Я старательно прикладывал глаз к микроскопу и опять ничего не видел, кроме молочно-туманной субстанции. А ведь моему взору должно было предстать живое и неутомимое движение растительных клеток с четко различимыми границами.

— Я вижу что-то вроде молока, — говорил я профессору.

Это потому, что ты не навел микроскоп на резкость, объяснял он, и наводил его для меня, то есть, для себя. Я опять смотрел в микроскоп, и опять видел только молоко.

Наконец, я получил разрешение на "зачет с отсрочкой", как его называли, и через год сделал еще одну попытку. (Там обязательно надо было сдать экзамен по одной из биологических дисциплин, иначе останешься без диплома). Профессор вернулся из отпуска загорелый как негр, сияющий и полный энтузиазма до конца своих дней объяснять студентам устройство клеток.

— Ну, — радостно взглянул он меня на первом лабораторном занятии, — теперь-то мы эти клетки разглядим?

— Несомненно, сэр.

Студенты и справа, и слева, и спереди от меня видели клетки. И они не только их видели! Они, как ни в чем не бывало, зарисовывали их в свои блокноты. Я, разумеется, ничего не видел.

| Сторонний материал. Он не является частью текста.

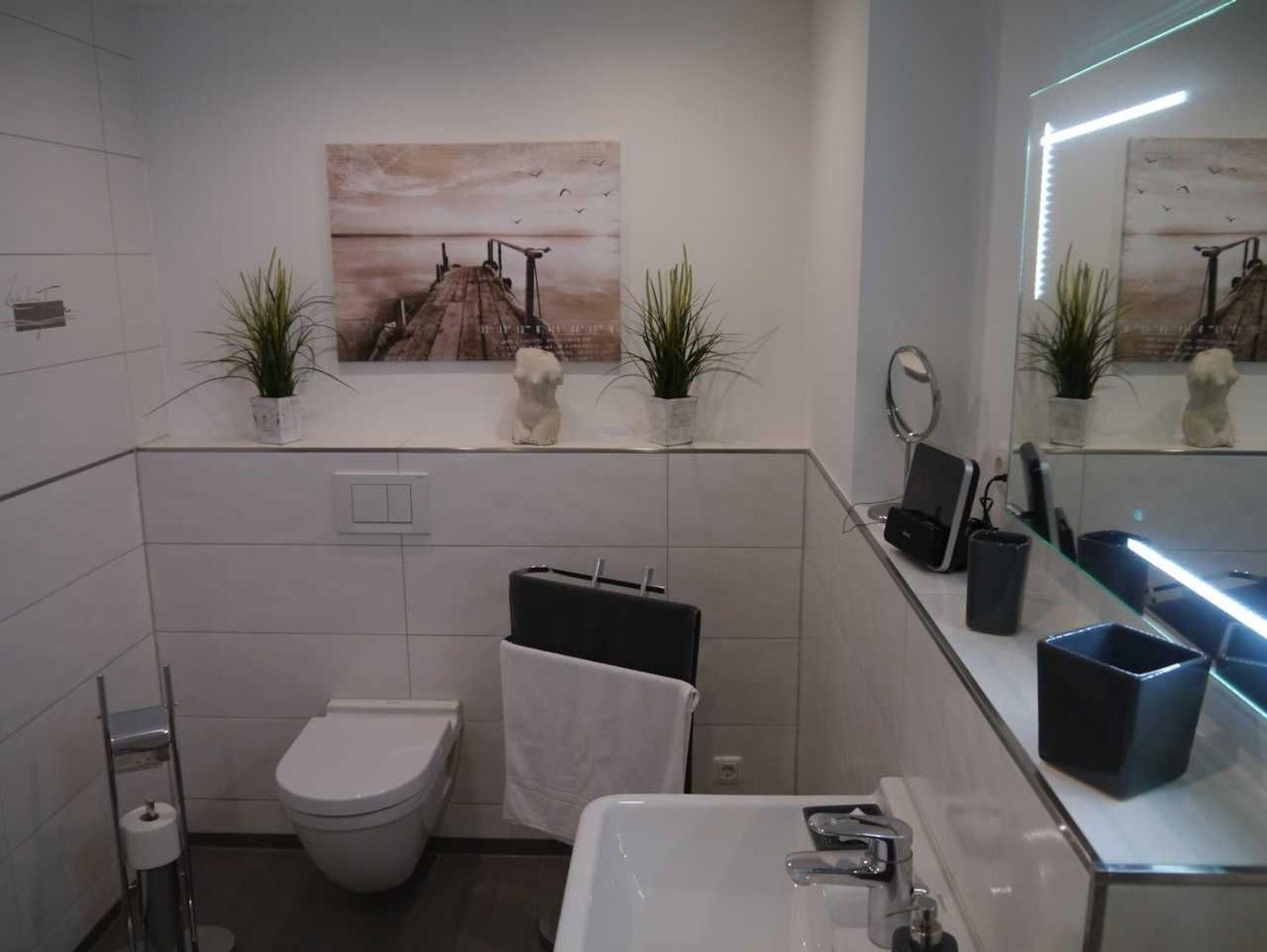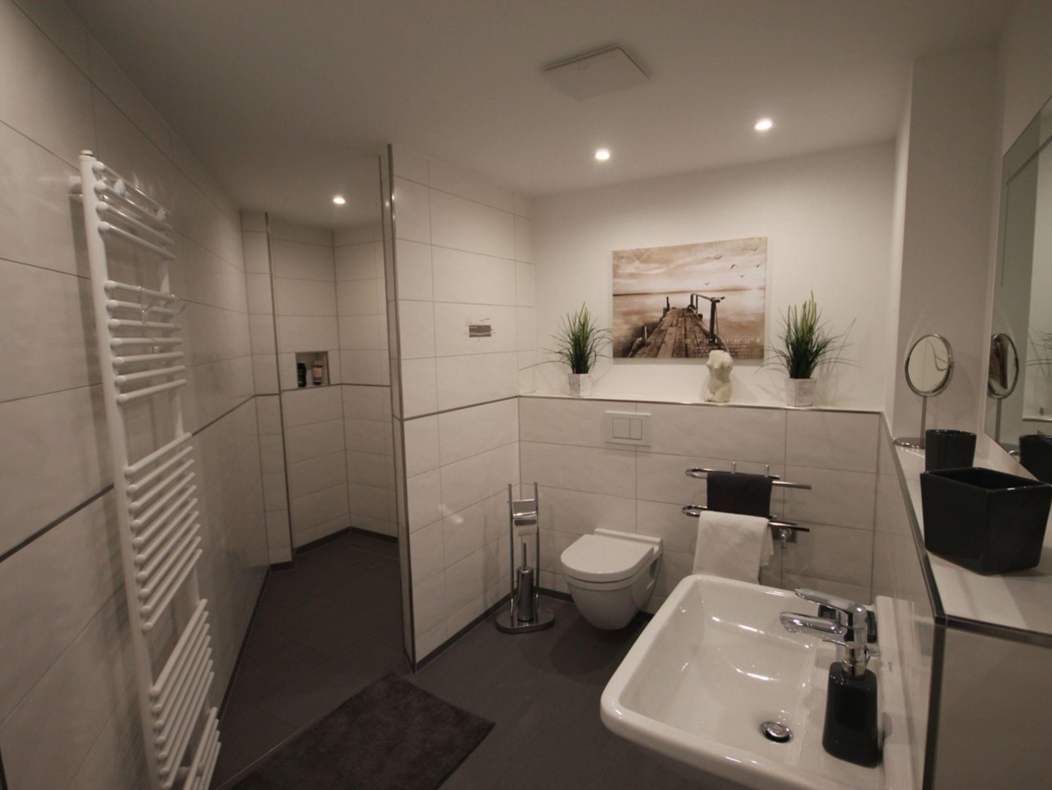 ein Traum für jeden. Das freundliche Badezimmer zaubert bereits am frühen Morgen ein Lächeln ins Gesicht. Hier empfängt den Gast eine große Duschecke mit Duschsäule / Rain und reichlich Ablagefläche für persönliche Dinge. Ein Fön ist natürlich vorhanden.

— Попытаемся, — сказал профессор мрачно, — произвести все возможные регулировки микроскопа, известные человечеству. Призываю Бога в свидетели: я наведу эту линзу так, что вы увидите в нее клетки, или уйду из университета. За двадцать два года, что я отдал ботанике, еще не было случая…

Он оборвал фразу, потому хотя трясся с ног до головы, как Лайонел Бэрримор на сцене, и силился сдержать этот приступ: стычки со мной отнимали у него много здоровья.

Мы перепробовали все возможные регулировки микроскопа, известные человечеству. Лишь один раз мне явилось нечто, кроме черноты и знакомого молочного тумана: с радостью и изумлением я увидел разноцветное созвездие точек, крапинок и кружочков. Я поспешно зарисовал их. Инструктор, заметив мое оживление, подошел от соседнего стола с улыбкой на устах и бровями, поднятыми в радостной надежде. Он взглянул на мой рисунок.

— Что это такое? — спросил он голосом, в котором прорезался визг.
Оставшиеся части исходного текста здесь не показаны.